What is Hoisting in JavaScript?

In JavaScript, a mechanism that moves function and variable declarations to the top scope is called Hoisting. It is JavaScript default behavior in which we can use variables before declaring.

In simple words, let’s understand it by an example. In the picture below we have two blocks orange and green. Let’s say JavaScript executes an orange block first that is the top scope and then green block. When JavaScript executes an orange block, the mechanism takes all declarations and puts them in the orange block. It means JavaScript moved declarations to the top scope.

JavaScript Hoisting

Once the orange block execution ends then JavaScript executes the green block. So in the green block JavaScript gets all declarations ready.

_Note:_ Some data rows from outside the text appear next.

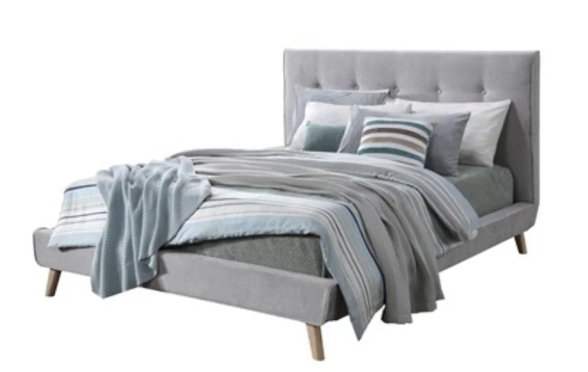 LEIA DOUBLE DARK GREY FABRIC BED WITH OAK TIMBER BASE $749-00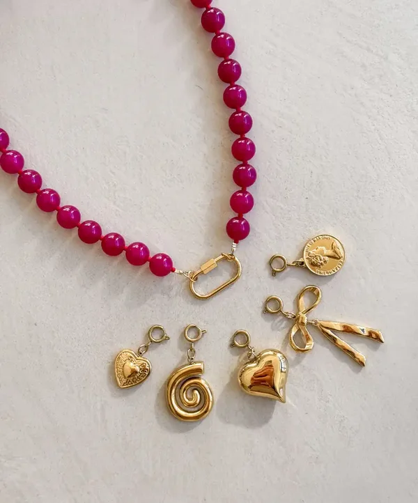 The Cerise Chic Necklace is made with bordeaux colored beads, the trend color of this season. The versitile golden clasp allows you to add your favorite charms to personalize your look or wear it simply on it's own for effortless elegance.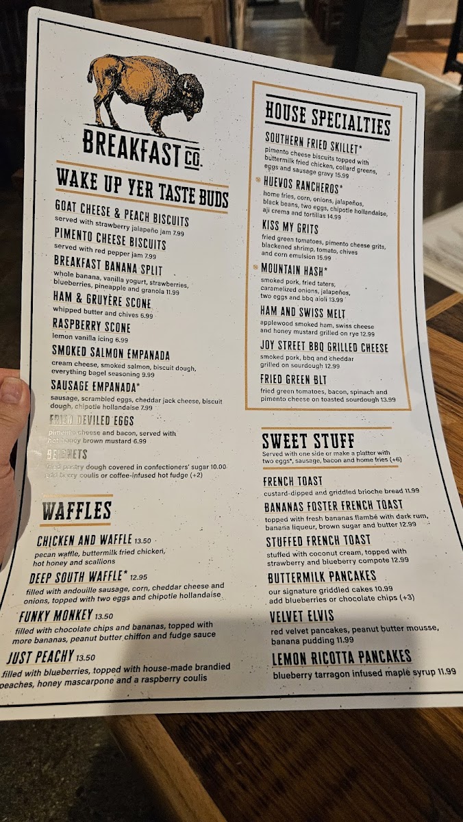 Nestled in the heart of Sevierville, TN, Buffalo Breakfast Co offers an eclectic breakfast experience destined to delight. Their menu shines with standout items like the Hot Honey Chicken and Waffles and the indulgent Deep South Waffle, featuring a hearty blend of andouille sausage and chipotle hollandaise. For those with a sweet tooth, the Funky Monkey Waffle and Bananas Foster French Toast promise a decadent treat.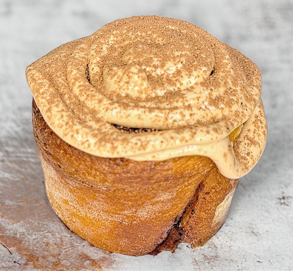 Rol de Canela con cubierta de glaseado sabor capuccino y un toque de cocoa
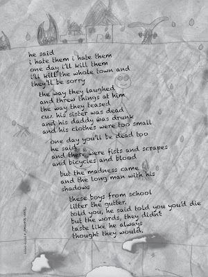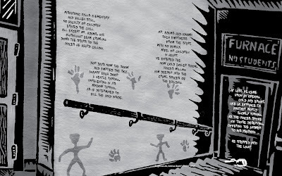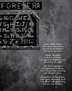 So an idea was born: a Lovecraftian take on Spoon River, of a small little Massachusetts town next to Miskatonic Falls and the Miskatonic River, where something had been loosed... and all that remained of the townspeople were poems, limericks, even haiku scribbled all over the place: doors, walls, floors....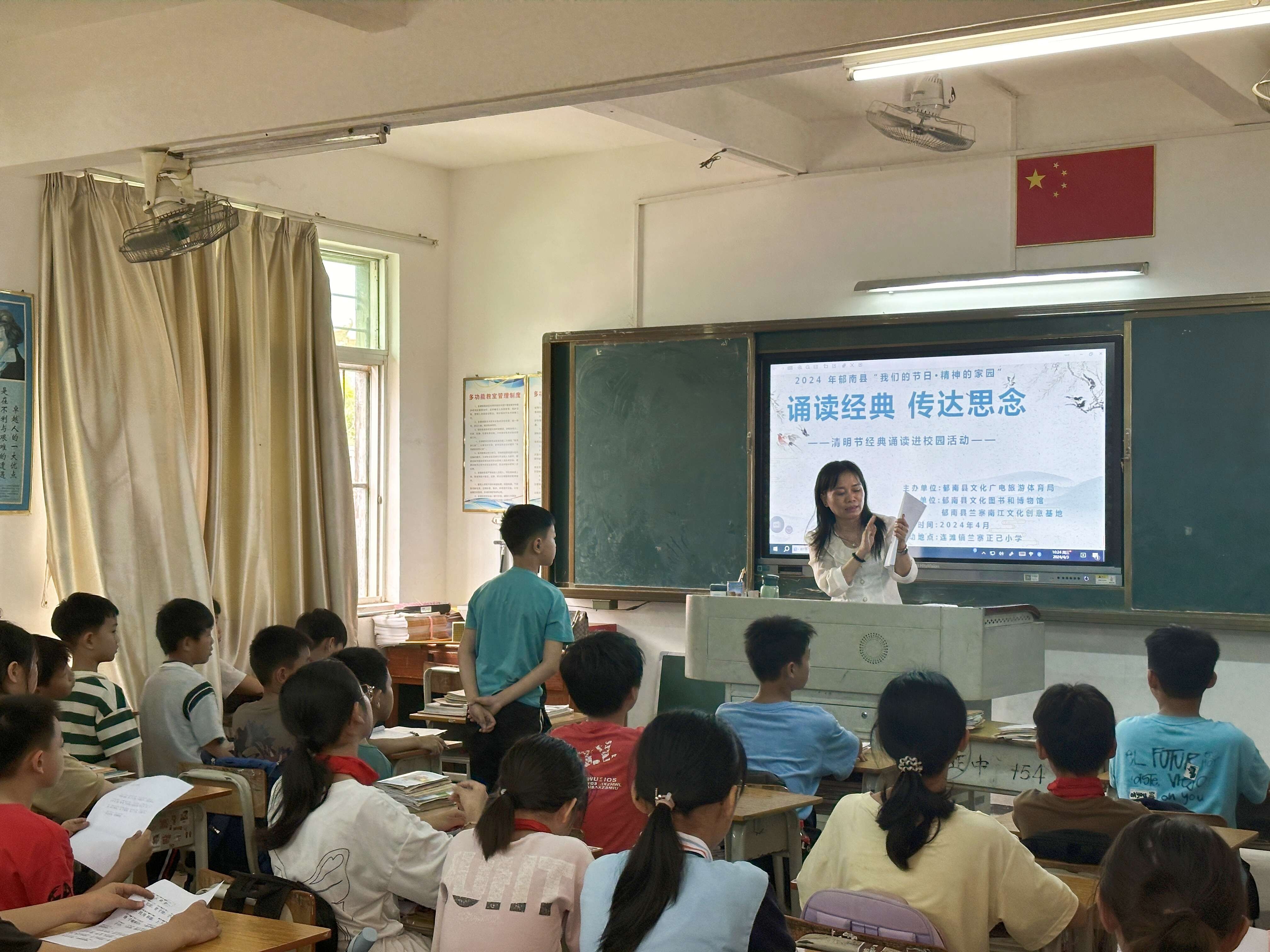 4月3日上午,由郁南縣文化廣電旅游體育局主辦,郁南縣文化圖書和博物館、郁南縣蘭寨南江文化創(chuàng)意基地承辦,在連灘鎮(zhèn)蘭寨正己小學(xué)開展了清明節(jié)經(jīng)典誦讀進校園活動,扎實推進經(jīng)典誦讀和中華優(yōu)秀傳統(tǒng)文化進校園,加強未成年人思想道德建設(shè)工作。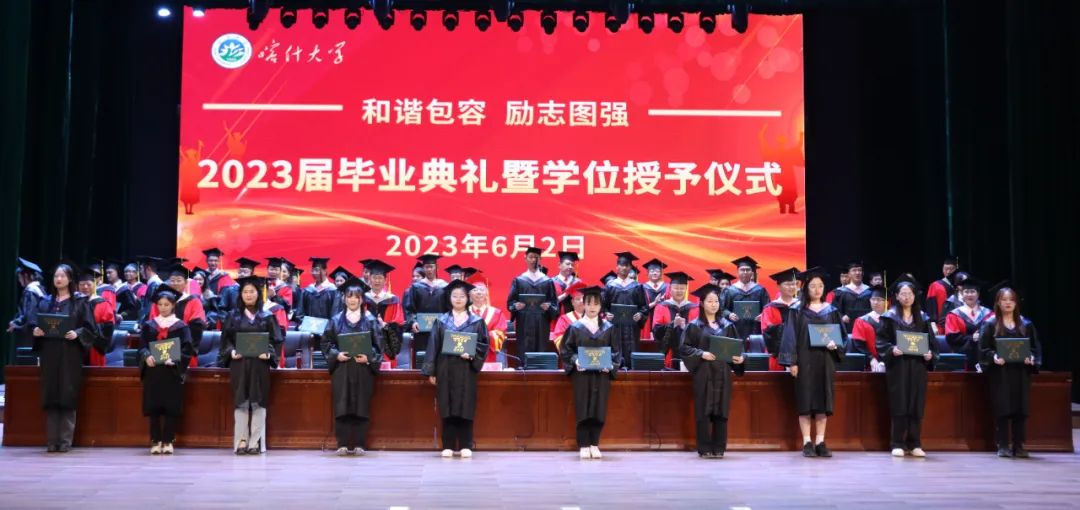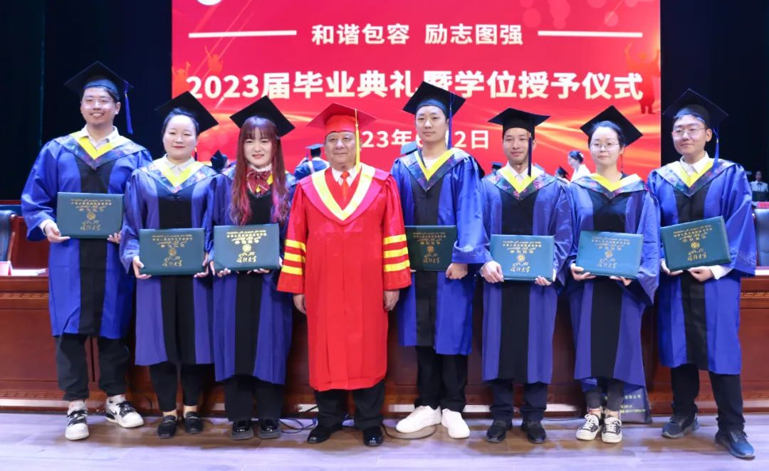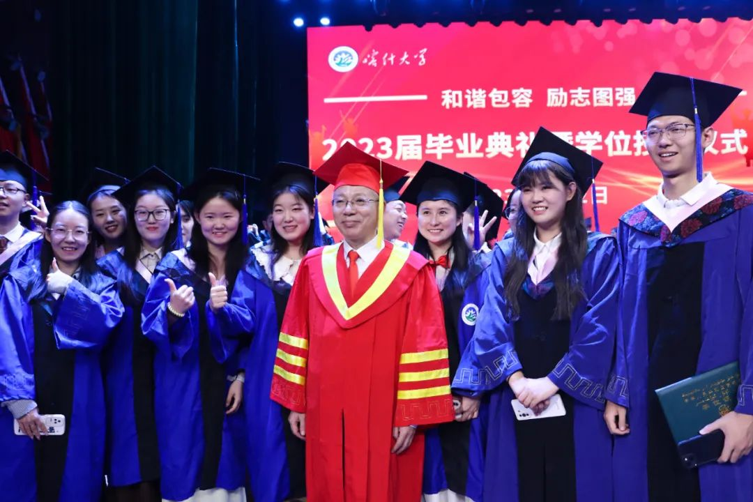 校領導、學位委員會委員和導師代表向2023屆畢業生們撥穗正冠,頒授學位證書,并合影留念。

Hoisted Variable in JavaScript

Let’s see an example, we have a variable i with var keyword and we assigned 10 to it.

var i = 10;

console.log(i);
// Output: 10

It returns 10, which is very simple. In variable i we stored 10 and console.log(i) simply prints in the browser console.

Now look at the example below, in which we have moved variable i to down. In this case we will be getting different results.

console.log(i);
// Output: undefined

var i = 10;

As you can see we are using the console.log() function that prints undefined in the browser console. However, 10 is assigned to variable i. It is because hoist works with var keyword and when JavaScript runs the code the hoist mechanism declares variable i and initializes it with undefined value. That’s why console.log() function prints undefined instead of 10.

Non Hoisted Variable in JavaScript

In JavaScript, let and const are not hoisted variables. Now let’s check the above code with the let keyword.

let i = 10;

console.log(i);
// Output: 10

We have output 10 in the browser console. Now let’s change the order,

console.log(i);
// Output: Uncaught ReferenceError: Cannot access 'i' before initialization

let i = 10;

This time we got the below error message in the browser console.

Uncaught ReferenceError: Cannot access 'i' before initialization

It says it can’t be accessed before initialization which means the hoist mechanism does not initialize any value to the i variable because of the let keyword. That’s why we say the let keyword is a non hoisted variable.